AbbVie wins an approval in uterine fibroid-associated heavy bleeding. Are rivals Myovant and ObsEva far behind?
Women expel on average about 2 to 3 tablespoons of blood during their time of the month. But with uterine fibroids, heavy bleeding is typical — a third of a cup or more. Drugmakers have been working on oral therapies to try and stem the flow, and as expected, AbbVie and their partners at Neurocrine Biosciences are the first to make it across the finish line.
Known chemically as elagolix, the drug is already approved as a treatment for endometriosis under the brand name Orilissa. It targets the GnRH receptor to decrease the production of estrogen and progesterone.
Now, elagolix in combination with two hormone drugs — estradiol and norethindrone acetate — has been approved by the FDA. AbbVie will sell the twice-daily regimen as Oriahnn.
“In the absence of head-to-head comparisons … it’s really hard for us to compare and contrast with drugs that are currently in development right now,” said Charlotte Owens, medical director of general medicine at AbbVie, in an interview.
Oriahnn’s approval was based on two six-month pivotal studies — each study required the regimen to generate a statistically significant impact on reducing blood loss by at least 50% in patients. Each study also had an elagolix monotherapy arm.
In one late-stage study, 68.5% (p<0.001) of elagolix combo-treated women with uterine fibroids hit that goal compared to placebo (8.7%), in the second trial 76.2% elagolix combo-treated women achieved the endpoint compared to placebo (10.1%). However, the drug’s side effect profile caused pause largely due to the loss of bone density in patients who received the AbbVie drug.

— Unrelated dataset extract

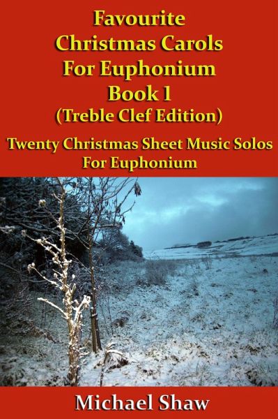 Twenty Christmas Sheet Music Solos For Euphonium. The Euphonium parts in this book are written in treble clef, there is also a bass clef version of this book for players who prefer to read bass clef, you can find this on my author page. This book contains twenty favourite Christmas carol sheet music arrangements for solo Euphonium. Skill Level: Grade1 to Grade 3. Contents: 1. Auld Lang Syne 2. Christians Awake Salute The Happy Morn 3. O Come All Ye Faithful 4. Coventry Carol 5. The First Noel 6. Gather Around The Christmas Tree 7. God Rest Ye, Merry Gentlemen 8. Good Christian Men Rejoice 9. The Holly And The Ivy 10. In The Bleak Midwinter 11. Joy To The World 12. O Come O Come Emmanuel 13. O Little Town Of Bethlehem 14. Once In Royal David's City 15. While Shepherds Watched Their Flocks 16. The Huron Carol 17. The Wexford Carol 18. Unto Us A Boy Is Born 19. What Child Is This? 20. We Wish You A Merry Christmas Note Range I have tried to keep the note range for each instrument in the Favourite Christmas Carols Book 1 series as easy as possible and within the grade 1 to grade 3 level. If, on the rare occasion, you find a note too high or low, you can substitute that note with a note one octave higher or lower as needed. Ensemble Playing The Favourite Christmas Carols Book 1 series is currently available for 12 band and orchestral instruments, which means you can play in unison with two or more instruments. All arrangements are the same and each instrument will play the melody line. Music for each instrument is written in the appropriate key so as to match the ensemble. To get a book for a brass or woodwind instrument other than your own, choose from the Favourite Christmas Carols Book 1 series. You can view these books on my author page.
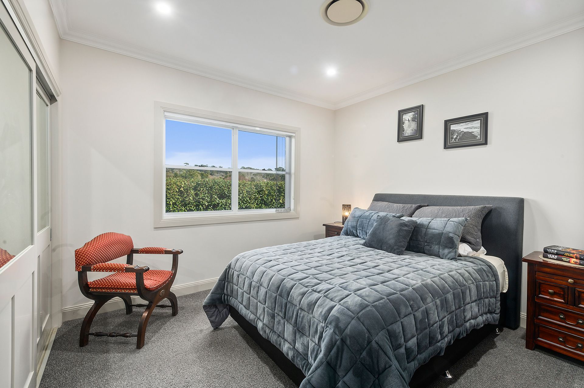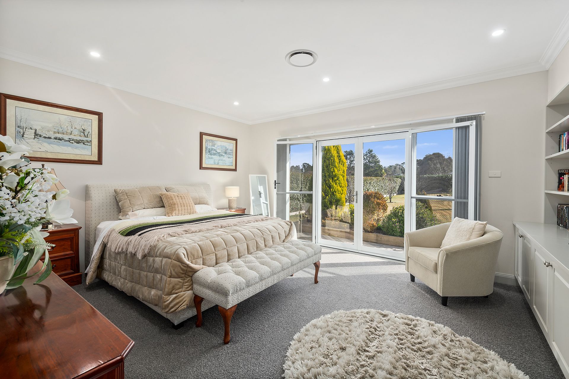 – The king-sized master bedroom is a true sanctuary, featuring a walk-in robe, built-in cabinetry and bookshelves, French doors, and a stylish ensuite.

Analysts have suggested the ObsEva and Myovant therapies could have an edge over the AbbVie drug, if approved. But the two rivals will have been beaten to market and neither have the commercial prowess that a behemoth like AbbVie can boast of.
ObsEva has tested its GnRH drug linzagolix in patients with and without ABT. Late last year, the Swiss drugmaker posted data from the PRIMROSE 2 trial, which tested two doses of the drug against a placebo. The results showed 93.9% for women receiving 200 mg of the drug with ABT trial saw more than 50% reduction in bleeding, and 56.7% for women receiving 100 mg without ABT achieved the same goal, compared to 29.4% in the placebo group.

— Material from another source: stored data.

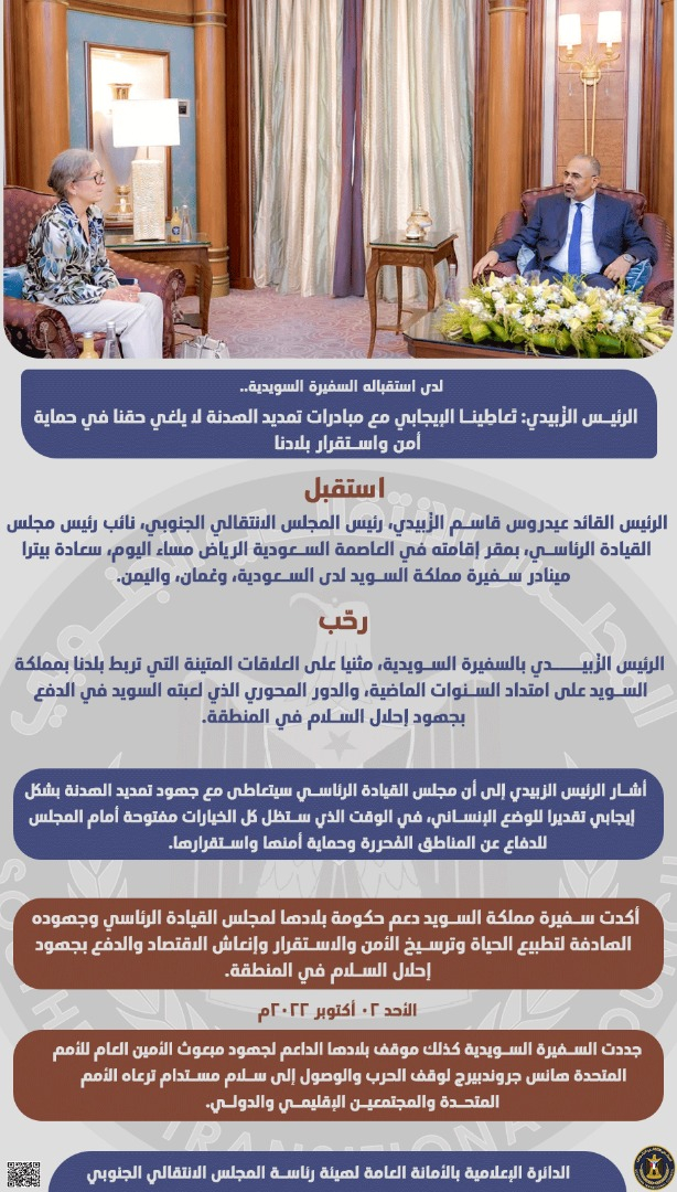 الرئيس الزُبيدي: تَعاطِينا الإيجابي مع مبادرات تمديد الهدنة لا يلغي حقنا في حماية أمن واستقرار بلادنا
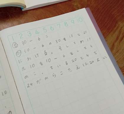 30−6の計算の仕方を考えました。自分がどのように考えたのか、わかりやすくノートに書くことができています。
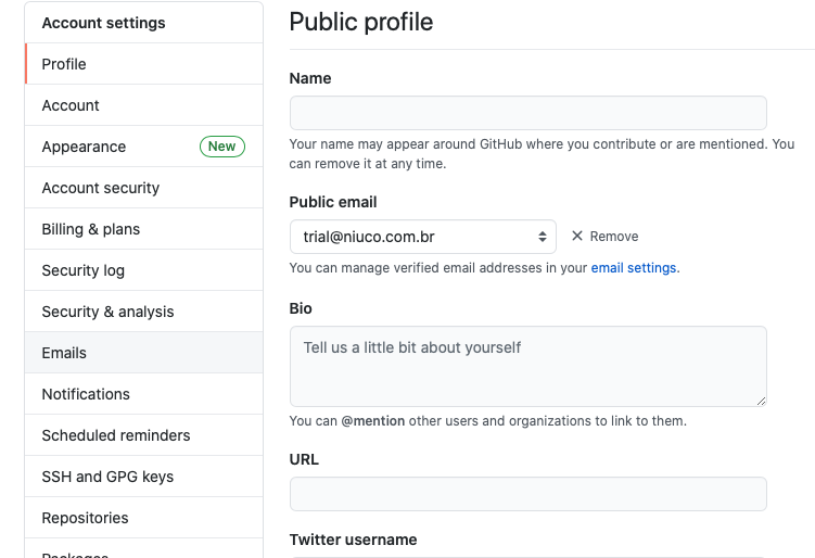 2. NO ITEM "PUBLIC EMAIL", SELECIONE UM EMAIL PARA APARECER
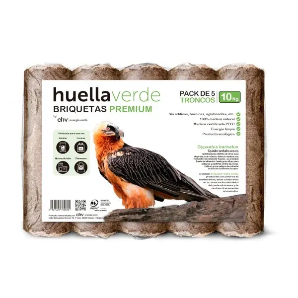 Pack de 10 kg compuesto de 5 troncos en bolsa 100% reciclable (60 % de plástico reciclado).
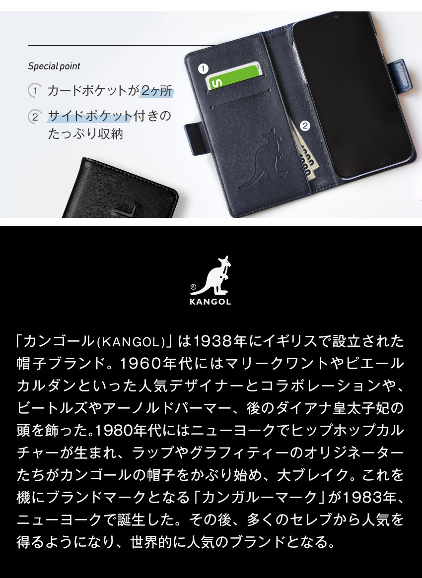 1938年にイギリスで設立された帽子ブランド「カンゴール(KANGOL)」の手帳型スマホケース。ロゴが刺繍されたシンプルでおしゃれなデザイン。ベルトはサイドでとめられるから、見た目にもスッキリ。内側は、ロゴシルエットの上品なエンボスデザイン。カードポケットが2ヶ所と、サイドポケットもあるたっぷり収納。触り心地のよいPUレザーと、内側ケースにはハードタイプを採用し、マットな質感で高級感を感じさせます。

Although analysts have been encouraged by the positive data in patients who responded well to the drug despite the lack of ABT (women predisposed to high BMI, CV risk and diabetes are typically not prescribed ABT) in the drug’s safety profile, particularly bone density loss, did vex investors. The company has another pivotal study that is expected to read out in the coming months.
Meanwhile, Myovant Sciences is also in the mix with its offering: relugolix. The drug, like the AbbVie regimen, is designed for use in combination with ABT. Currently under FDA review, the regimen was also tested in two phase III studies, with the same main goal: 50% or more reduction in blood loss.
In one study, 71.2% of women receiving relugolix regimen achieved the clinical response they were looking for, compared to only 14.7% in the control arm. In the other, 73.4% of women on the relugolix arm achieved the same goal, compared with 18.9% of women receiving placebo. Crucially, though, Myovant’s did no significant differences in terms of bone mineral density.
“The response rates demonstrated in these trials were comparable to those shown by AbbVie’s approved GnRH inhibitor, Orilissa, while maintaining a stable bone mineral density profile with a once-daily option,” Baird’s Brian Skorney wrote in a note earlier this month.
Endpoints News has contacted AbbVie for comment on Oriahnn pricing.